Data science uses scientific methods and algorithms to derive knowledge and insights from structured and unstructured data.

Artificial intelligence (AI) is a branch of computer science dealing with the simulation of intelligent behavior in computers.

Machine learning (ML) entails the use of algorithms and statistical models to discover patterns and predict outcomes from data.

3. Oracle and Machine Learning

Oracle Expertise

Oracle has infused machine learning technology throughout nearly every facet of the company. Machine learning helps automate internal operations and has a huge and growing impact on the development of new products and services.

We are accelerating the adoption of machine learning technology as part of a larger focus on data science. Our data science platform:

  • makes data scientists more productive by helping them accelerate and deliver models faster with fewer errors
  • makes it easier for data scientists to work with large volumes and varieties of data
  • delivers trusted, enterprise-grade artificial intelligence that’s bias-free, auditable, and reproducible.

This is not a new venture for Oracle or our customers, many of whom have been developing machine learning solutions using machine learning-based technology for decades.

At the core of our data science platform are Oracle Cloud Infrastructure Data Science and Oracle Machine Learning. Cloud Infrastructure Data Science helps enterprises collaboratively build, evaluate, manage, and deploy machine learning. Designed for expert data scientists, Cloud Infrastructure Data Science provides access to the best of open-source algorithms and libraries, best-in-class hardware for CPUs, and fast networking and storage. It is also data source agnostic and allows users to utilize Python for machine learning.

For those who wish to use the power of databases and data lakes for machine learning, Oracle Machine Learning provides in-database data preparation and exploration as well as model building, evaluation, and deployment. Designed for multiple user roles and collaboration, Oracle Machine Learning has Oracle-optimized algorithms, uses data from Oracle’s extended data platform, and enables users to work with SQL and R.

Both Oracle Cloud Infrastructure Data Science and Oracle Machine Learning can be used at the same time and will work together so users can take advantage of either option, depending on their needs and desires. Both of these services take advantage of several other services that complement them, and extend support for the rest of the data science lifecycle and data science team at large.

CUSTOMER STORY

ArgoScout

AgroScout developers can iterate new software features faster since moving to Oracle Cloud. Deployments of new versions that used to take 24 hours now happen in minutes.
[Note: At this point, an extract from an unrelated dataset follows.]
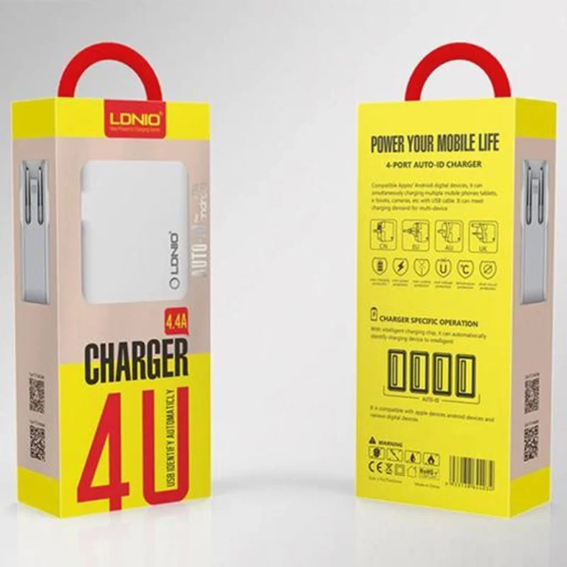 شارژر دیواری الدینیو مدل LDNIO A4403 قابلیت اتصال و شارژ 4 دستگاه به طور همزمان با هم را بدون حتی اندکی افت ولتاژ داشته و مانع از آسیب رسیدن به دیوایس کاربر می شود. شدت جریان خروجی این شارژر به طور همزمان 4.4 آمپر و شدت جریان ورودی آن حداکثر به 800 میلی آمپر می رسد. از نکات دیگری که این شارژر را بسیار محبوب کرده این است که دارای دو شاخه با قابلیت قرارگرفتن درون بدنه دارد و مانع از به هم ریختن فضای مورد استفاده می شود.
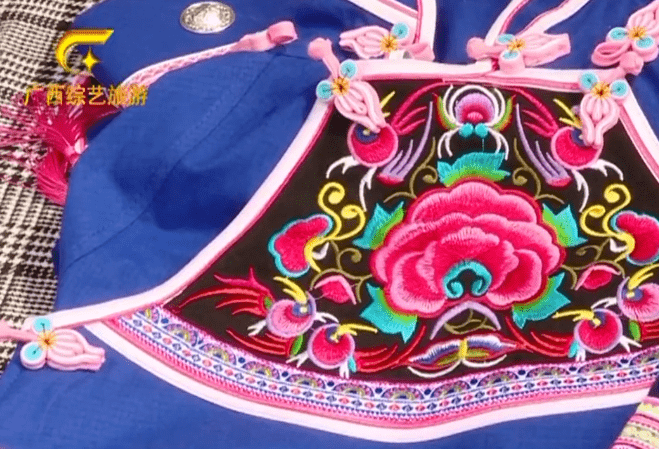 这个八角花寓意丰收,寓意着我们幸福的果实,寓意我们壮家儿女幸福的生活,准确来说这块壮锦需要5个绣娘,再加上3个月左右的绣制,才能绣出来这么一大幅。

"Success of this vision relies on the ability to manage a continuous and increasing flow of input data ans our own AI-based solution to transform that data into presicion and decision agriculture, at scale. The speed, scale, and agility of Oracle Cloud have helped us realize our dream. Now, new horizons have opened up with the recent addition of Oracle Cloud Infrastructure Data Science that improves our data scientists’ ability to collaboratively build, train, and deploy machine learning models.” Simcha Shore, Founder and CEO, AgroScout

View Customer Story

4. About Oracle Cloud Infrastructure Data Science

Oracle’s Data Science & Machine Learning Capabilities

Oracle Cloud Infrastructure Data Science, based on the acquisition of DataScience.com, was built to accelerate the workload of individual data scientists while also supporting the data science team.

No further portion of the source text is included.